Realistic and achievable

One of the most important factors to consider when making a long-term exercise plan--whether PT related or not--is that it needs to be realistic and achievable. I know I can’t tell a patient they will need to do seven-day-a-week exercises for the rest of their lives; it’ll never happen! I tend to explain to patients that muscle strengthening happens effectively with as little as two resistance workouts per week and that strength maintenance can occur with only one workout a week. Based on these guidelines, I help the patient to determine what is a reasonable home exercise program moving out of PT. For the 69-year-old rotator cuff repair patient, they could continue one-day-a-week exercises for 15 minutes or they may opt to continue a five-day-a-week program, depending on their goals and motivation.

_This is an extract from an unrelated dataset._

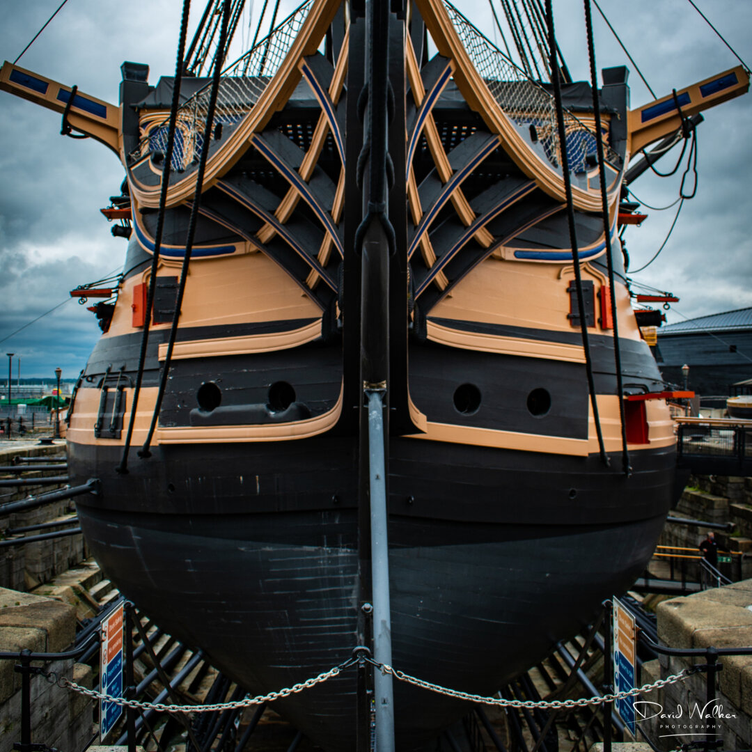 Todays Flickr photo with the most hits: starboard view of the stern of HMS Victory, with cabin windows.

Like most questions a PT gets asked, this question does not have a one-size-fits-all answer. Certain injuries will heal and a patient will be 100% better within a few months requiring no further exercise regimen. Some surgeries or large injuries will require six plus months of rehab exercises. Other injuries--my own low back pain included--can be nagging and need addressing weekly or as needed during a flare up. Speak to your physical therapist if you need clarity on your home exercise program and how long to continue it after discharge from PT.